In this issue of Blood, Landspersky et al reveal an intriguing link between cytoskeletal polarity as a regulator of autophagy in mesenchymal stem and progenitor cells (MSPCs) and the hematopoietic stress response.1
Microenvironmental niches, composed of hematopoietic stem cells (HSCs) and stromal elements, are the core units of hematopoiesis. Within these niches, HSCs have evolved a range of mechanisms to cope with stress, including autophagy, as a way to sustain nutrient and metabolic pools and remove damaged organelles such as mitochondria (mitophagy).2 An intricate relationship between autophagy, stemness, and self-renewal also exists for MSPCs.3
Landspersky et al demonstrate the unexpected impact of Wnt5a-CDC42–dependent autophagy in MSPCs on HSC self-renewal. Prior work by the group revealed that loss of Wnt5a signaling in the bone marrow niche deregulates cytoskeletal polarity through activation of the small GTPase CDC42 and thereby impairs homing and repopulation by adoptively transferred HSCs.4 The investigators discovered that F-actin polymerization also directs autophagosome-lysosome fusion and mitophagy in niche cells. In the current study, they test the impact of dysregulated Wnt5a-CDC42 in niche MSPCs on endogenous HSC function at homeostasis and under stress. In a series of experiments using a mouse model with Wnt5a loss restricted to Osterix+ stromal cells, they show that 5-fluorouracil (5-FU) treatment prompts CDC42 hyperactivation and leads to several predictable outcomes: a disorganized MSPC cytoskeleton with autophagosome accumulation, high levels of reactive oxygen species (ROS), and defective mitochondrial metabolism.

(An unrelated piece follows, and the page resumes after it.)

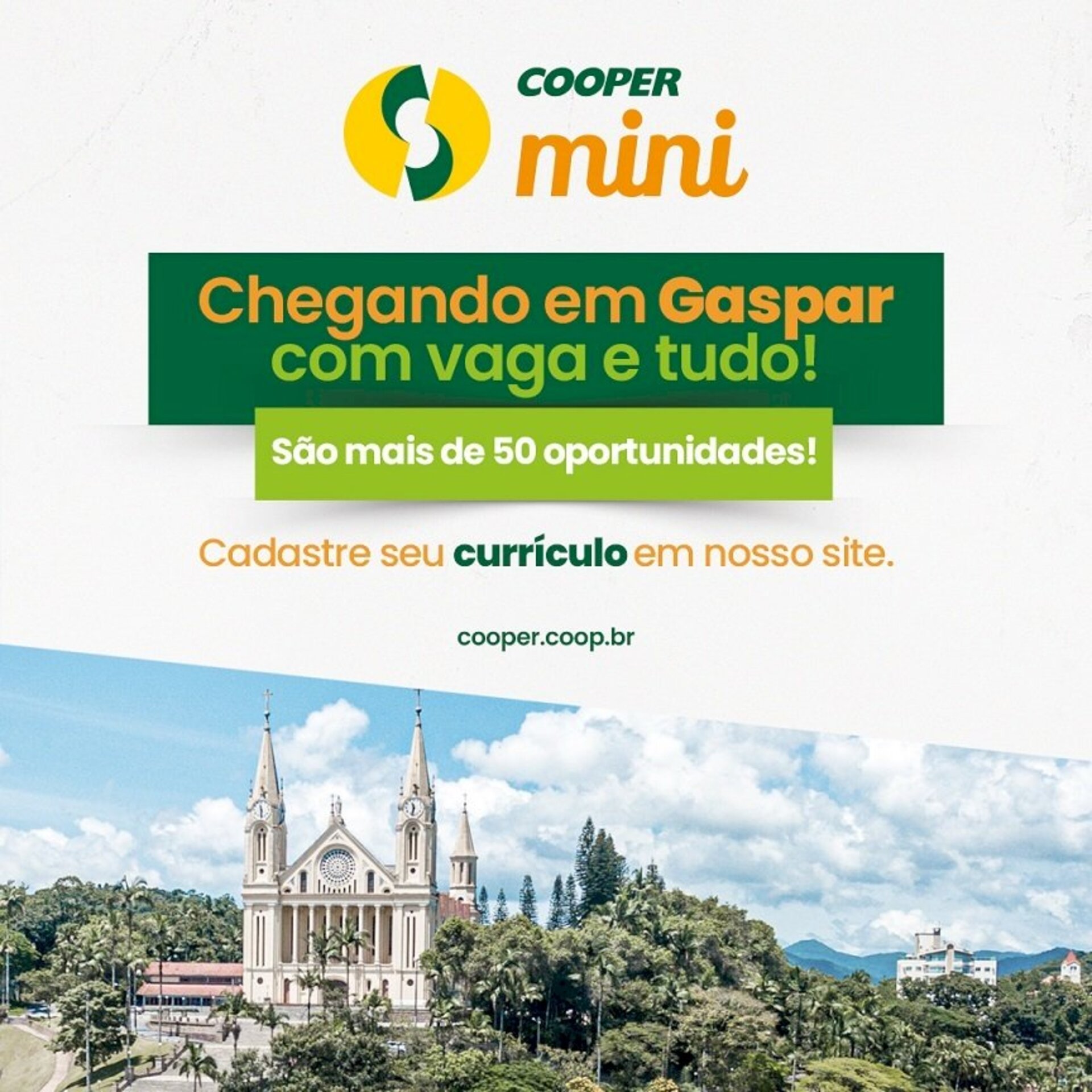 A Rede Cooper vai abrir uma loja no bairro Coloninha, em Gaspar, e está contratando empregados, São mais de 50 vagas de emprego em diversas áreas para compor o time da primeira Cooper Mini, novo formato de loja que vem para ampliar a proximidade com o cooperado e atender as necessidades básicas do dia a dia.

Most striking are the phenotypic outcomes under stress, whereby repeated 5-FU administration depresses and ultimately exhausts the HSC pool. Remarkably, pharmacologic inhibition of CDC42 using CASIN reverses most of these end points and restores hematopoietic resilience under stress. Finally, the authors were able to test a small, heterogeneous population of patient samples to reproduce some of their findings.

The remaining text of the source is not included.